PROBLEM REQUIREMENTS: Restate the records word for word. Include no pictures.

SUPPLIED DATA below:

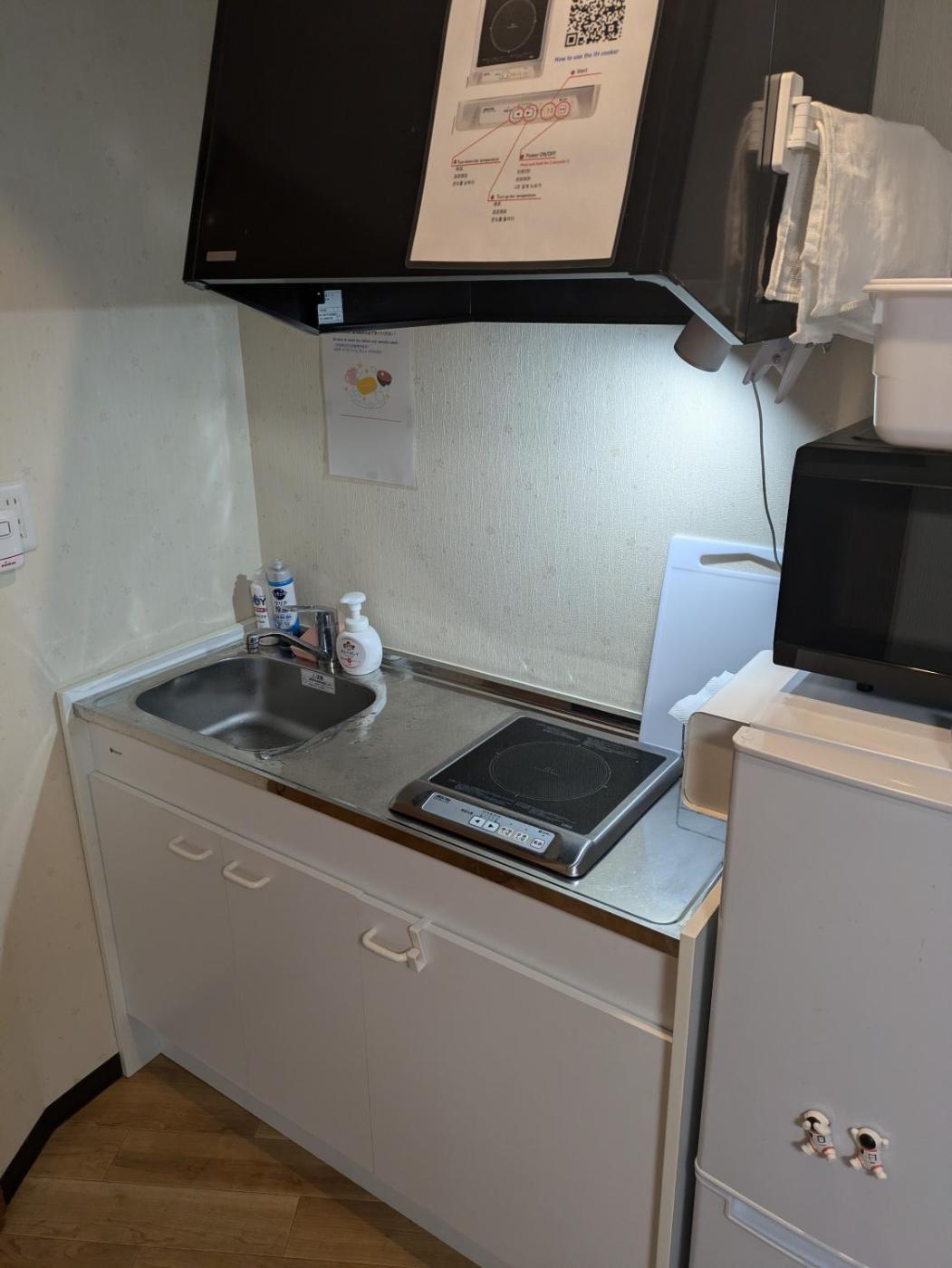 One-Bedroom Apartment. This apartment comes with 1 living room, 1 separate bedroom and 1 bathroom with a shower and free toiletries. Meals can be prepared in the well-fitted kitchen, which features a stovetop, a refrigerator, kitchenware and a microwave. The apartment has tatami floors and features air conditioning, a washing machine and a quiet street view. The unit has 4 futons.
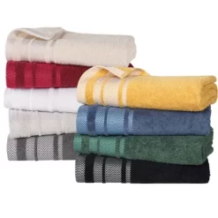 Bring spa-like style and functionality to your bathroom with the Cotton 12 Piece Bathroom Towel Set by Blue Nile Mills. Our soft and fluffy cotton towels have a medium weight to keep you warm and get you dry quickly. The terry loop weave makes these towels the perfect bathroom essentials for the whole family. Durable and highly absorbent, these towels retain their softness after every wash. Available in a variety of color options, upgrade your bathing experience with the dreamy look and feel of these fluffy towels.
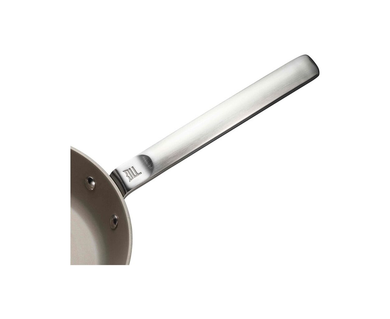 Характерная ручка из нержавеющей стали сводит к минимуму теплопередачу и упрощает использование. Максимальная температура жарки и запекания 270°С.
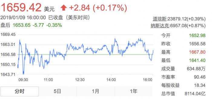 受此消息影响,亚马逊股价在盘初上涨之后,立即下跌,跌幅约为0.7%,股价跌至1641元,随后小幅回升。
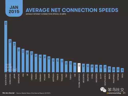 全球互联网连接速度也存在明显差异。韩国平均网速超过25Mbps,而印度网速仅2Mbps。中国香港、日本、新加坡以及美国是仅次于韩国之后网速最快的4个国家和地区,注册速度超过10Mbps,远远超过全球平均的4.5Mbps。
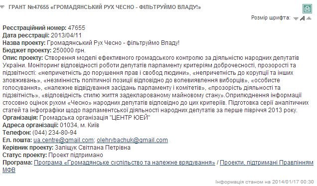 Одним из первых идёт движение “Чесно”. Интересно, получало ли оно какие-то гранты от Сороса в 2013 году? Получало, оказывается. Один. Размером в... четверть миллиона гривен.
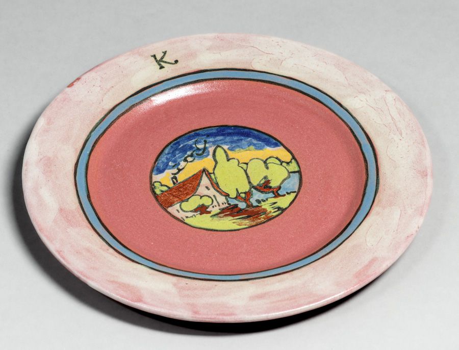 - Paul Revere Pottery Lily Shapiro Landscape Decorated Plate 1931

End of SUPPLIED DATA.

RESULT FOR THIS EXERCISE:
 One-Bedroom Apartment. This apartment comes with 1 living room, 1 separate bedroom and 1 bathroom with a shower and free toiletries. Meals can be prepared in the well-fitted kitchen, which features a stovetop, a refrigerator, kitchenware and a microwave. The apartment has tatami floors and features air conditioning, a washing machine and a quiet street view. The unit has 4 futons.
 Bring spa-like style and functionality to your bathroom with the Cotton 12 Piece Bathroom Towel Set by Blue Nile Mills. Our soft and fluffy cotton towels have a medium weight to keep you warm and get you dry quickly. The terry loop weave makes these towels the perfect bathroom essentials for the whole family. Durable and highly absorbent, these towels retain their softness after every wash. Available in a variety of color options, upgrade your bathing experience with the dreamy look and feel of these fluffy towels.
 Характерная ручка из нержавеющей стали сводит к минимуму теплопередачу и упрощает использование. Максимальная температура жарки и запекания 270°С.
 受此消息影响,亚马逊股价在盘初上涨之后,立即下跌,跌幅约为0.7%,股价跌至1641元,随后小幅回升。
 全球互联网连接速度也存在明显差异。韩国平均网速超过25Mbps,而印度网速仅2Mbps。中国香港、日本、新加坡以及美国是仅次于韩国之后网速最快的4个国家和地区,注册速度超过10Mbps,远远超过全球平均的4.5Mbps。
 Одним из первых идёт движение “Чесно”. Интересно, получало ли оно какие-то гранты от Сороса в 2013 году? Получало, оказывается. Один. Размером в... четверть миллиона гривен.
 - Paul Revere Pottery Lily Shapiro Landscape Decorated Plate 1931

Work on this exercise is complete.